A lifetime of watching movies may have finally provided cult novelist Steve Erickson with the key to wider success, said Drew Toal in Time Out New York. Over a 22-year novel-writing career, the 57-year-old Los Angeles magazine film critic has consistently enjoyed the enthusiastic backing of Thomas Pynchon and other big-name postmodernists. But Erickson’s seventh novel, Our Ecstatic Days, sold only a couple thousand copies in hardcover in 2005, forcing him to bring out his latest effort, Zeroville, as a modestly priced paperback original. Zeroville, however, bears little resemblance to the surrealistic fever dreams Erickson has produced before. “I wanted to follow the narrative laws of a movie,” he says. “To be linear, always in the present tense, the story told through dialogue and action.”

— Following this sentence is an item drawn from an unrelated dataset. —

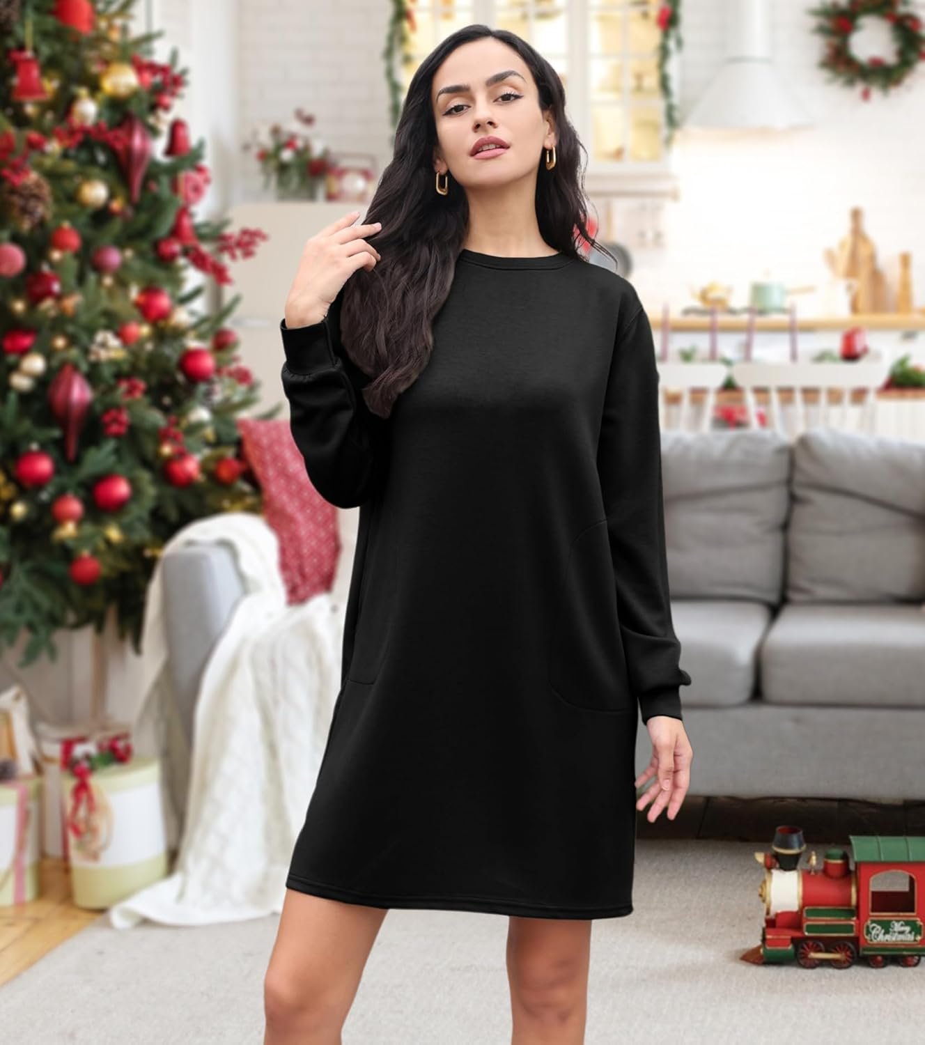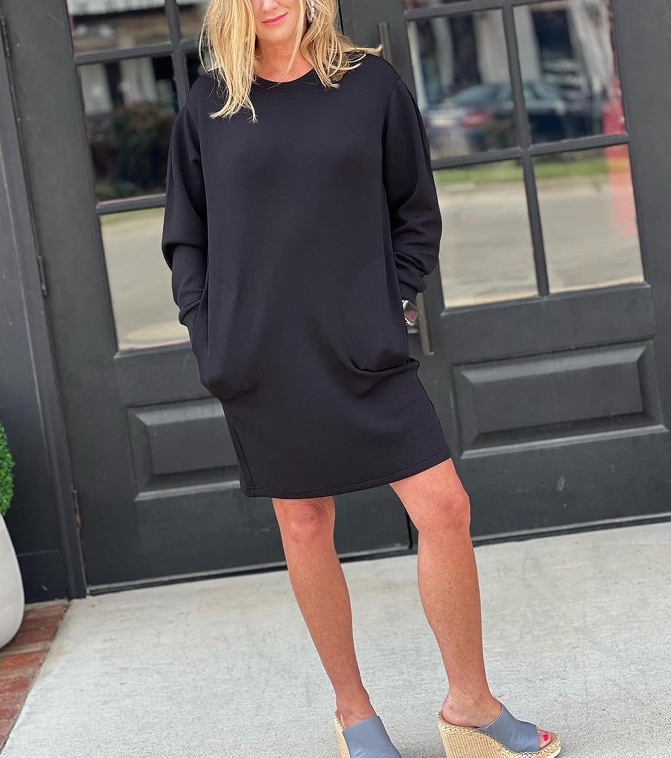 Customers find the sweatshirt dress flattering with cute pleats in the back, and appreciate its soft, comfortable fabric that’s not too heavy. The dress is warm enough for winter and perfect for autumn and winter, with good material quality and nice pockets. While some customers say it has a perfect fit, others mention it runs small-to-size. The fabric quality receives mixed feedback, with some noting it’s not a fleecy sweatshirt fabric. Customers consider it good value for money.

Erickson insists that his story of a tattooed film buff arriving in Easy Rider–era Hollywood is different than the typical Hollywood novel. “Those tend to be about how movies get made,” he says. “I wanted to write about how movies become part of the modern nervous system, the dream language we all converse in from time to time.” Some of the more fantastic turns in Zeroville are hard to follow, said Scott Timberg in the Los Angeles Times. But we can’t expect Erickson to go mainstream all at once. To him, even the story’s deeply unconventional ending is utterly logical. “It’s the conclusion the book has been heading toward since the opening paragraph,” he says. “You just have to pay attention.”